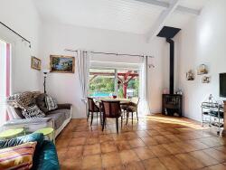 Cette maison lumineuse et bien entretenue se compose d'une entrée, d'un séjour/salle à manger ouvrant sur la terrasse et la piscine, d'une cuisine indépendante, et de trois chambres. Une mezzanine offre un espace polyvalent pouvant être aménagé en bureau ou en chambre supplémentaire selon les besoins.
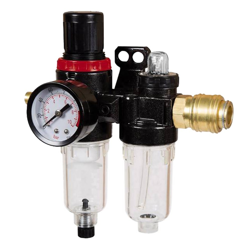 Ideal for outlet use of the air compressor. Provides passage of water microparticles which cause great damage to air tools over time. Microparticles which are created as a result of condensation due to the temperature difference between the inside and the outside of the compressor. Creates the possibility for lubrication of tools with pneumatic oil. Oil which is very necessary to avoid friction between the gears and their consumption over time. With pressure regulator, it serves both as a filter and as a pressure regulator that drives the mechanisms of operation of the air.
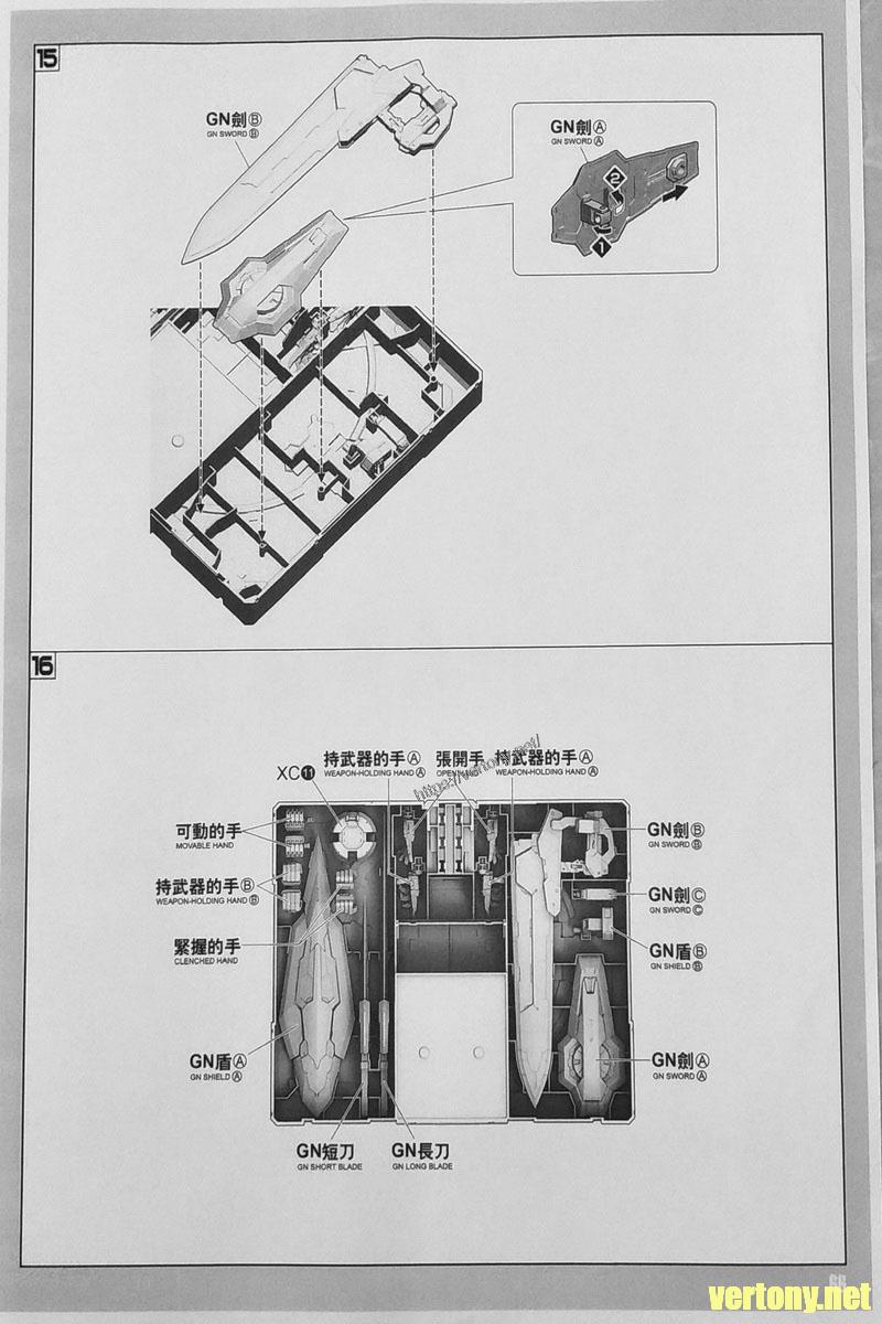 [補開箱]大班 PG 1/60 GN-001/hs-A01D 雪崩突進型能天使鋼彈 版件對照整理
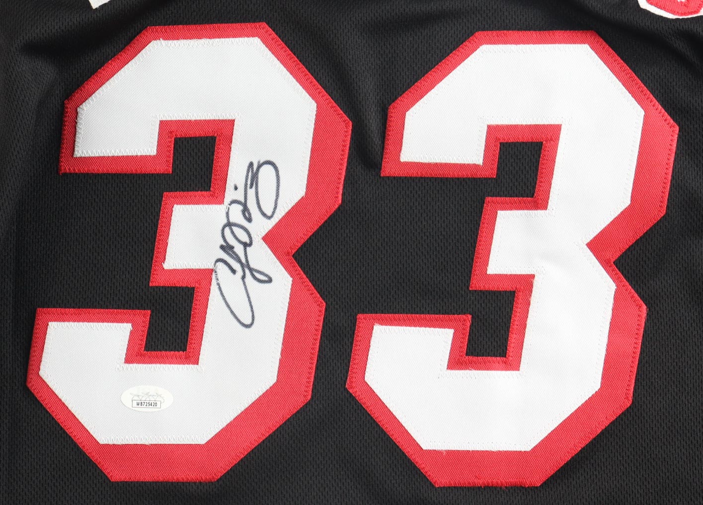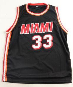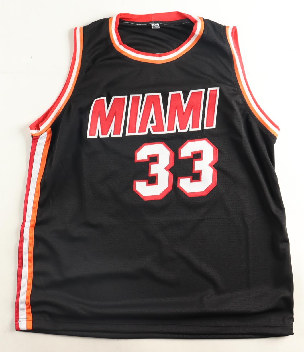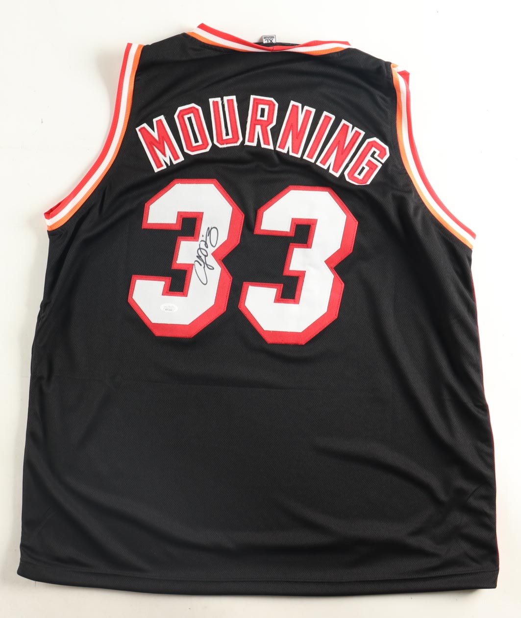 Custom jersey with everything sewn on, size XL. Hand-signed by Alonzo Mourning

:::::

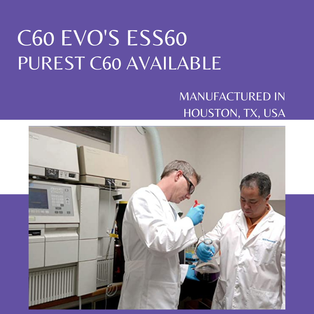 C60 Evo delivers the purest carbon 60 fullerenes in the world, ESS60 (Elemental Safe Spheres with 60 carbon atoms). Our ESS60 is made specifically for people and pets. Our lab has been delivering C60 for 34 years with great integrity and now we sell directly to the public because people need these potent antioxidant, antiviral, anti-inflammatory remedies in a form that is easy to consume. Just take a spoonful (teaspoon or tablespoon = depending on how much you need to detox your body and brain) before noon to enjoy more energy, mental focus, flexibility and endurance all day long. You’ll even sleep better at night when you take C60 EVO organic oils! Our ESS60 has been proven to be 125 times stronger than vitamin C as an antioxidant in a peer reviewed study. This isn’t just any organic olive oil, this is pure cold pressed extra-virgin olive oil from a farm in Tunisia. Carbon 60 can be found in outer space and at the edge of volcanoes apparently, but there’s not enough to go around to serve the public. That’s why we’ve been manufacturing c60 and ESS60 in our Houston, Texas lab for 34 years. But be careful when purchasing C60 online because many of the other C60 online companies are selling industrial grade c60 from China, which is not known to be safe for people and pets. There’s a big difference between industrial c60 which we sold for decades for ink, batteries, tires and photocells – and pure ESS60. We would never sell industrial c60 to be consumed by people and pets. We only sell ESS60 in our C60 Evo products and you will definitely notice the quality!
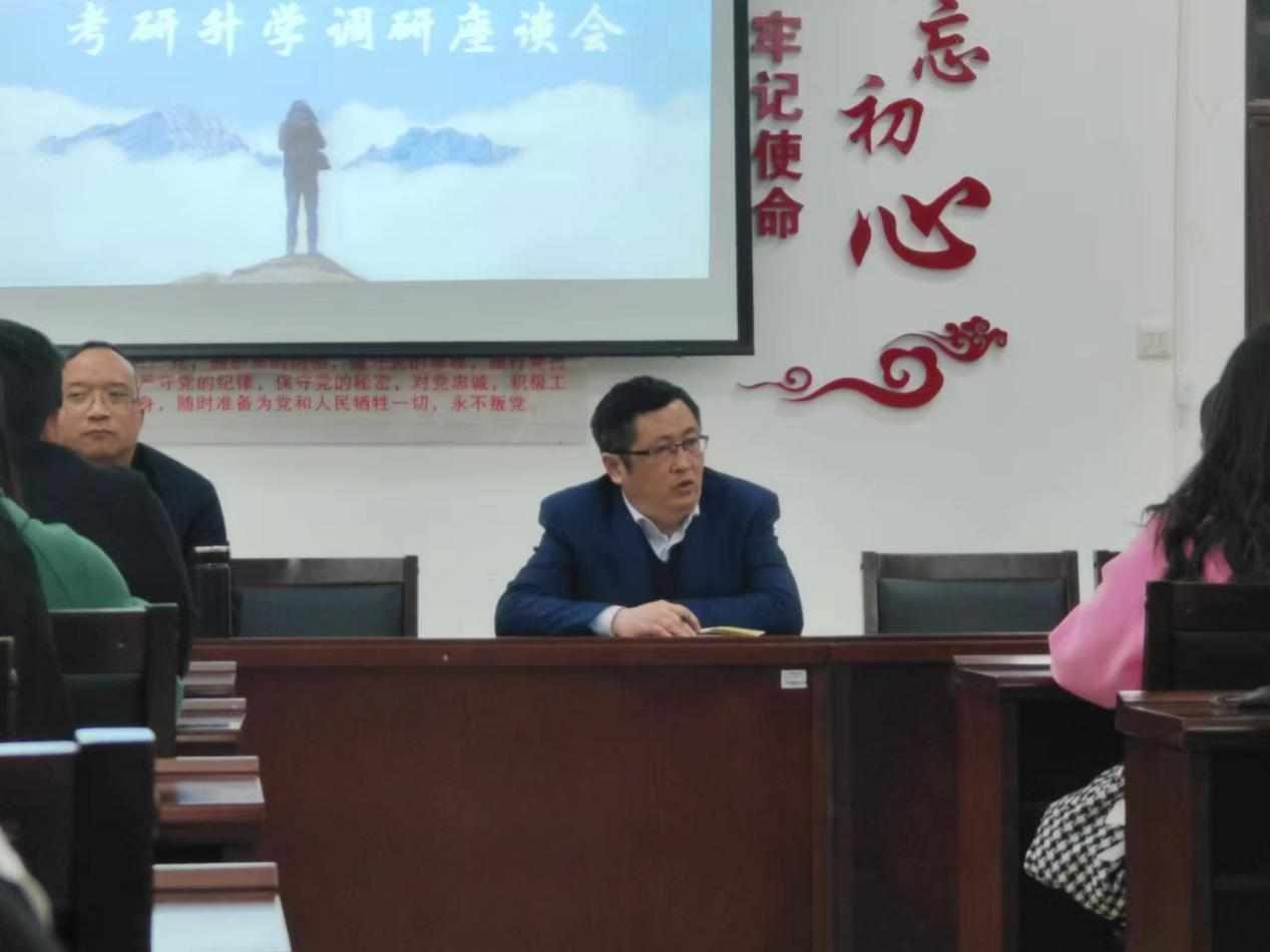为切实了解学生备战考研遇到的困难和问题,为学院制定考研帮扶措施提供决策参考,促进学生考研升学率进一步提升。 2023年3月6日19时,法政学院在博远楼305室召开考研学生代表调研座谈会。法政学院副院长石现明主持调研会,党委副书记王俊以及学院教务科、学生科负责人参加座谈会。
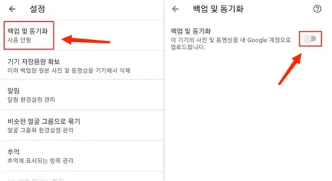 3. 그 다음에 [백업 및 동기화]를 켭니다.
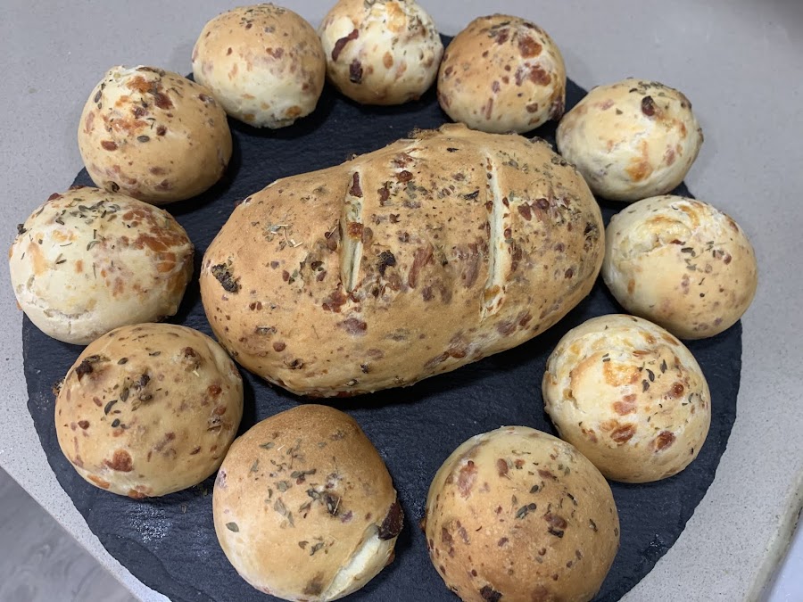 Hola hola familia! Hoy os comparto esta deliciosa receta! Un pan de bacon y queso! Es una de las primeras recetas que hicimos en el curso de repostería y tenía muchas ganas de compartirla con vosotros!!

:::::

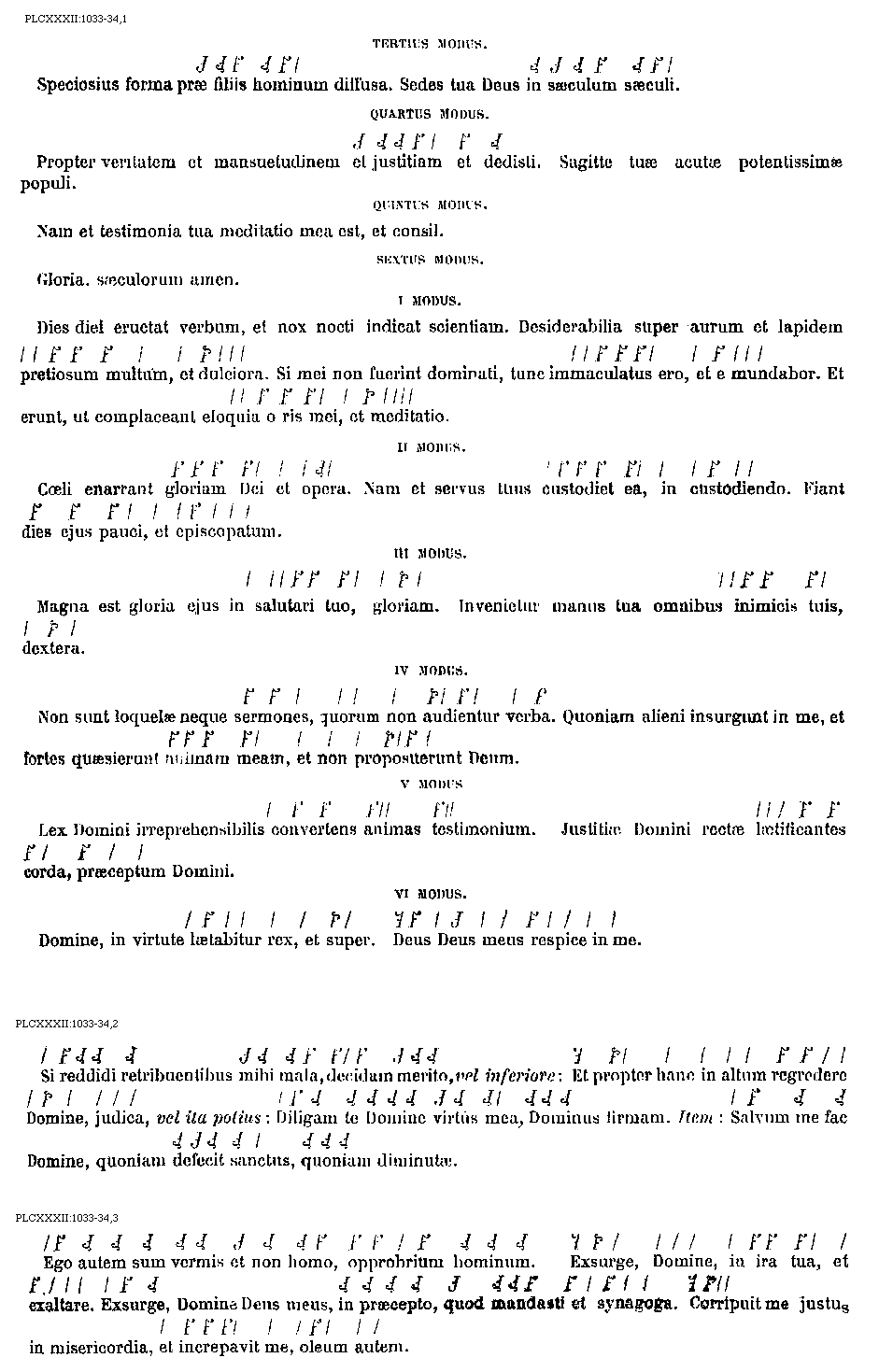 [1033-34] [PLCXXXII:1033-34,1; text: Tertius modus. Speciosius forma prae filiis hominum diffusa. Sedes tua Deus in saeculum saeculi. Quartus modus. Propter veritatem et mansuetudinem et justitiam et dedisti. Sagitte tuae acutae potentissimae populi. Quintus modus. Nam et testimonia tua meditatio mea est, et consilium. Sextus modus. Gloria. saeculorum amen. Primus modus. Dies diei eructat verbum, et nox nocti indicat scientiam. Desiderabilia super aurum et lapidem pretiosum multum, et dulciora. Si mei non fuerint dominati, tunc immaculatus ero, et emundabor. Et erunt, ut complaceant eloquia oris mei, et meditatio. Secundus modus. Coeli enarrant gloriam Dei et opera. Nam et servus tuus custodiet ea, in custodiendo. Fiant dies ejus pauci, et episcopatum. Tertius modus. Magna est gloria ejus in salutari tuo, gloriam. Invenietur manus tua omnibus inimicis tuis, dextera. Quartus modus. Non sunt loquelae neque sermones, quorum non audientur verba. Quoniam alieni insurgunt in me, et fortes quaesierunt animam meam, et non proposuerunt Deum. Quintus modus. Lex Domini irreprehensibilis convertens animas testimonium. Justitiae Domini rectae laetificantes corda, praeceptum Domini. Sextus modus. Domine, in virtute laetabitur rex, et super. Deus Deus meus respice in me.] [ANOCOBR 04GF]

:::::

Work order:
Using the data above, which lines fall from the one with "为切实了解学生备战考研遇到的" through the one with "3. 그 다음에 [백업 및 동기화]를 켭니다."? Repeat them exactly, ends included, minus any pictures.

Exercise output:
为切实了解学生备战考研遇到的困难和问题,为学院制定考研帮扶措施提供决策参考,促进学生考研升学率进一步提升。 2023年3月6日19时,法政学院在博远楼305室召开考研学生代表调研座谈会。法政学院副院长石现明主持调研会,党委副书记王俊以及学院教务科、学生科负责人参加座谈会。
 3. 그 다음에 [백업 및 동기화]를 켭니다.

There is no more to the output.